Crist, Warden, Et Al. v. Cline Et Al.
Headline: Restored case asks whether double‑jeopardy protection attaches when a jury is sworn or only when the first witness is sworn, potentially changing when defendants are protected in state and federal trials.
Holding: The Court restored the case for reargument and asked whether the Constitution requires jeopardy to attach when the jury is sworn or only after the first witness is sworn.
- Could change when defendants gain double‑jeopardy protection in criminal trials.
- May affect both state and federal jury and nonjury trials.

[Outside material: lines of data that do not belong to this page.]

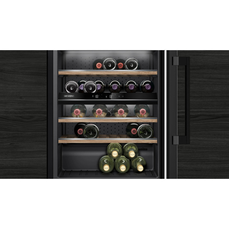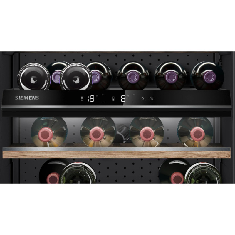 The Siemens wine refrigerator is designed to store wines in two independent temperature zones. The model is equipped with oak shelves with metal elements, glass doors with UV protection, and LED lighting with a presentation mode. It can store up to 44 bottles. Each temperature zone can be adjusted within a range of 5 °C to 20 °C.
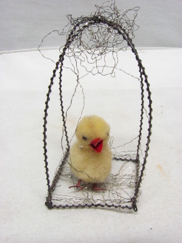 Title (ebay affiliate link): ANTIQUE GERMAN CHRISTMAS ORNAMENT CHICK IN CAGE TINSEL COTTON
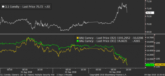 Zajímavá situace dnes panuje také na komoditním trhu, kde silnější dolar začíná opět tlačit dolů cenu drahých kovů. Silná měna ale naopak nevadí ropě, která své zisky i nadále navyšuje a v případě americké WTI roste nad 71 dolarů za barel.

- Solicitor General invited to present the federal Government’s view in the case.
Summary
Background
This dispute involves Montana prison officials and two men who were state-court defendants. The Court restored the case to its calendar for reargument and asked counsel to brief and discuss two specific timing questions about when double‑jeopardy protection begins during a criminal trial.
Reasoning
The Court asked whether the long‑standing federal rule that jeopardy attaches when the jury is sworn is constitutionally required, or whether the Constitution might instead require that jeopardy wait until the first witness is sworn in any trial, state or federal, jury or nonjury. The Solicitor General was invited to file a brief stating the federal Government’s view. The order does not resolve the issue on the merits; it seeks additional briefing and argument to consider possibly changing the rule.
Real world impact
If the Court rethinks the timing rule, the result could change when defendants gain permanent protection against retrial after a mistrial or abortive proceeding. The question reaches both state and federal criminal trials and could affect many cases where trials end before witness testimony begins. At this stage, the Court’s action only starts a process of reargument and is not a final change in the law.
Dissents or concurrances
Justice Marshall dissented from the order. He criticized the Court for anticipating a broad federal rule using state parties, objected to inviting only the Solicitor General for the federal perspective, and stressed the long history of the existing rule dating back to the 19th century.